• AIM OF THE EXERCISE: The reply should contain all the data below, repeated exactly, and none of the images.

-------- COLLECTED DATA

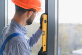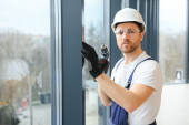 Zdjęcie "Robotnik w kombinezonach instalujący lub regulujący okna z tworzywa sztucznego w salonie w domu." może być wykorzystywane do celów osobistych i komercyjnych zgodnie z warunkami zakupionej licencji Royalty-free. Obraz jest dostępny do pobrania w jakości wysokiej rozdzielczości do 5760x3840.
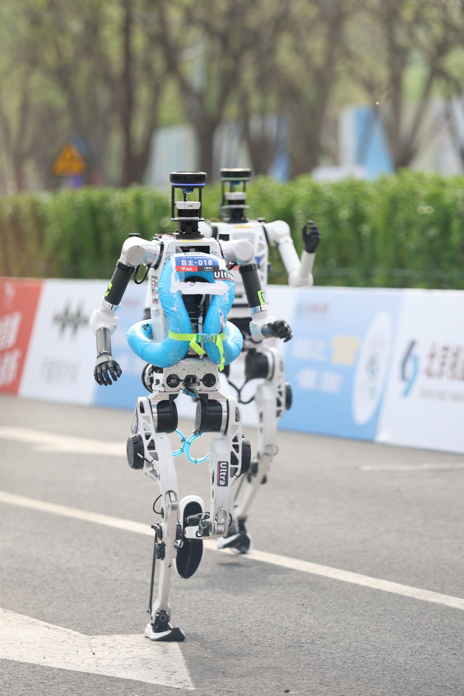 图为两名机器人争相冲向终点。(中新社)
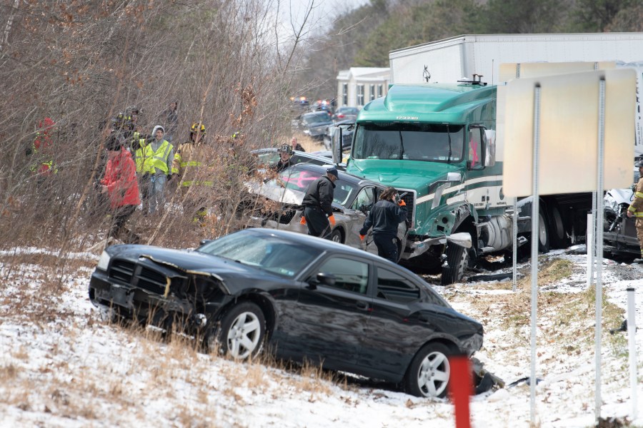 The Schuylkill County Office of Emergency Management said the crash in northeast Pennsylvania happened around 10:30 a.m. Monday. John Blickley, the agency’s deputy emergency management coordinator, said officials believe a snow squall clouded visibility and likely contributed to the accident.

----------------

• EXERCISE RESULT:
 Zdjęcie "Robotnik w kombinezonach instalujący lub regulujący okna z tworzywa sztucznego w salonie w domu." może być wykorzystywane do celów osobistych i komercyjnych zgodnie z warunkami zakupionej licencji Royalty-free. Obraz jest dostępny do pobrania w jakości wysokiej rozdzielczości do 5760x3840.
 图为两名机器人争相冲向终点。(中新社)
 The Schuylkill County Office of Emergency Management said the crash in northeast Pennsylvania happened around 10:30 a.m. Monday. John Blickley, the agency’s deputy emergency management coordinator, said officials believe a snow squall clouded visibility and likely contributed to the accident.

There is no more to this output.